If $f$ is Fréchet differentiable at $x$, then of course we have
$$f(x + th + b(t)) = f(x) + Df\lvert_x(th + b(t)) + r(t) = f(x) + t\cdot Df\lvert_x(h) + o(t)$$
whenever $b\colon \mathbb{R} \to X$ satisfies $\lim\limits_{t\to 0} t^{-1}b(t) = 0$.
If $f$ is only assumed Gâteaux differentiable at $x$, even if the Gâteaux differential is a continuous linear operator, bad things can happen, and
$$\lim_{t\to 0} \frac{f(x + th + b(t)) - f(x)}{t}$$
need not exist.
For an example, consider $X = \mathbb{R}^2$ and $Y = \mathbb{R}$. Let $g \colon [0, +\infty) \to \mathbb{R}$ be given by
$$g(x) = \max \:\bigl\{0, 1 - \lvert x-2\rvert\bigr\},$$
and
$$f(r\cos \varphi, r\sin \varphi) = g\bigl(r\tan\tfrac{\varphi}{4}\bigr),$$
where $r \geqslant 0$ and $\varphi \in [0,2\pi)$.
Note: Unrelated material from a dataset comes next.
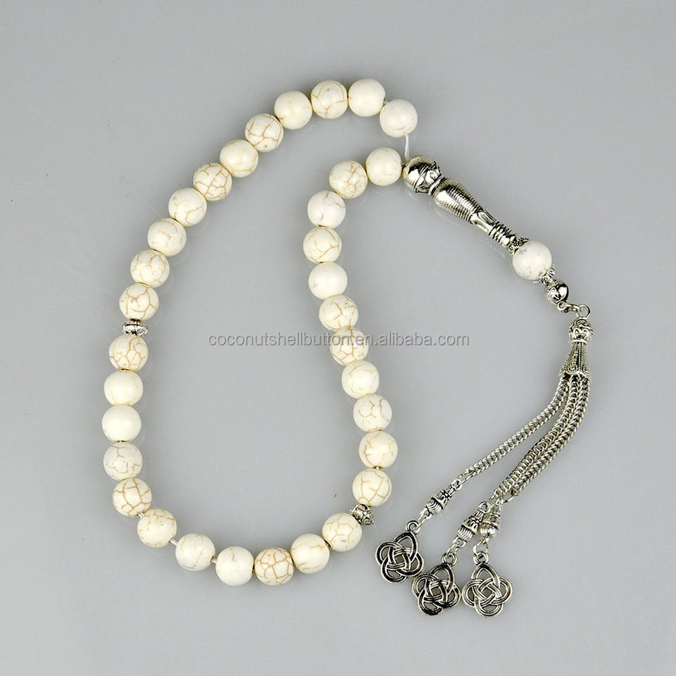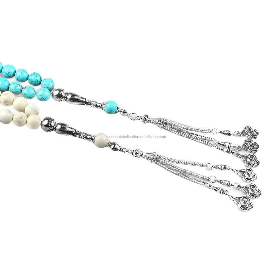 Normale pietra turchese bianca verde 10mm 33 perline braccialetti preghiera pietra religiosa Tasbih rosario

Then for every $\varphi \in [0,2\pi)$ there is a $\varepsilon > 0$ such that $f(t\cos \varphi, t\sin \varphi) = 0$ for all $t\in (-\varepsilon, +\varepsilon)$, so $f$ is Gâteaux differentiable at $0$ with directional derivative $0$ in all directions. But $f$ isn't even continuous at $0$, and if we take $h = (1,0)$ and $b(t) = t\tan (2t)\cdot (0,-1)$, then
$$\lim_{t\to 0^+} f(th + b(t)) = 1,$$
so the difference quotient blows up.
Using a smooth bump function instead of the piecewise linear $g$ from above, and a suitable amplitude depending on the angle, we can construct an example exhibiting essentially the same behaviour that is smooth ($C^{\infty}$) on $\mathbb{R}^2\setminus \{0\}$, so requiring global Gâteaux differentiability wouldn't help. For good local behaviour, one needs Fréchet differentiability.